How to fight the lies you tell yourself about money

What excuses do you use to avoid saving and investing? Felista Wangari busts them all.

PHOTO | FILE

What you need to know:

  • Beside the discipline myth, we tell ourselves many other lies about money, and they stand in the way of making financial progress.
  • Let’s have a look at some of them: I’ll start saving/investing when … I get a pay raise.
  • The funny thing about finally getting that pay raise is that we suddenly want to treat ourselves and acquire all those wonderful things that we couldn’t afford on our previously inadequate income.
  • If you don’t lay the foundation to make that little you have work for you now, even the most generous pay raise will not help you.

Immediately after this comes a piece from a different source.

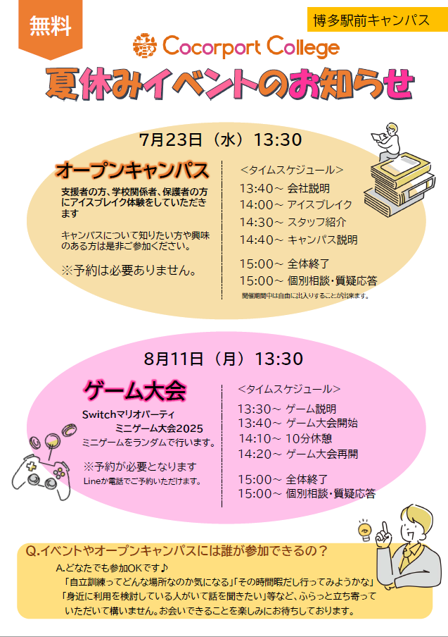 7/23にオープンキャンパスを開催します!今回は前回と違い「アイスブレイク」という謎の時間がありますねぇ~🤔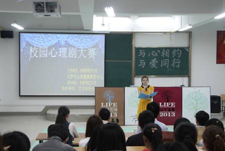 比赛现场,9支队伍围绕“人际交往、亲子关系、宿舍关系、恋爱关系”等方面为剧本内容,采用多种形式展现了自己的参赛作品,演出时而幽默惹全场哄堂大笑,时而感人让全场唏嘘一片,气氛热烈活跃,让同学们在轻松愉快、幽默诙谐中,感悟成长历程,思考解决困惑的途径。

The war against willpower has many casualties. I would know because I have had a lifelong battle with it in my quest to be physically fit. Sometimes I surprise myself and work out, but most of the time I can’t summon enough willpower to do it.

After many false starts I had to stop lying to myself and face the truth – the things we leave to chance or at the mercy of discipline are very unlikely to materialise. This is as true of exercise as it is for money.

If you are waiting for discipline, you might never start saving and investing, and the more you delay, the more you lose out on the benefits of starting early, such as compound interest. You don’t need discipline to start. What you need is automation. Once you decide what you are saving for, how much you need to set aside regularly and the platform you want to use, you can use methods like check-off from payroll or standing orders to channel money automatically to your savings and investment accounts. This way you save and invest without your having to summon any willpower or discipline. If these two options are not available to you, at the very least, let your first transaction when you receive any income be to transfer at least a tenth of it to your respective savings and investment accounts.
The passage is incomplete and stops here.